SkillSight: Efficient First-Person Skill Assessment with Gaze
This addresses the problem of efficient skill assessment for users learning physical skills via smart glasses, representing a novel approach with practical power savings.
The paper tackled automatic skill assessment from first-person data by introducing SkillSight, which uses a two-stage framework to model gaze and video for predicting skill level and then distills a gaze-only model. The gaze-only student model achieved high accuracy with 73x less power than competing methods.

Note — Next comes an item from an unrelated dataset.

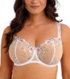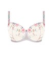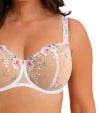 ワイドワイヤー設計により、快適な着用感と安定したサポート力を実現しました。縦の切り替えを施したカップは、パッドに頼ることなく自然なバストラインを整え、美しい谷間とリフトアップ効果をもたらします。カップ全体にはラグジュアリーなプリント刺繍をあしらい、上品な華やかさを添えました。

Egocentric perception on smart glasses could transform how we learn new skills in the physical world, but automatic skill assessment remains a fundamental technical challenge. We introduce SkillSight for power-efficient skill assessment from first-person data. Central to our approach is the hypothesis that skill level is evident not only in how a person performs an activity (video), but also in how they direct their attention when doing so (gaze). Our two-stage framework first learns to jointly model gaze and egocentric video when predicting skill level, then distills a gaze-only student model. At inference, the student model requires only gaze input, drastically reducing power consumption by eliminating continuous video processing. Experiments on three datasets spanning cooking, music, and sports establish, for the first time, the valuable role of gaze in skill understanding across diverse real-world settings. Our SkillSight teacher model achieves state-of-the-art performance, while our gaze-only student variant maintains high accuracy using 73x less power than competing methods. These results pave the way for in-the-wild AI-supported skill learning.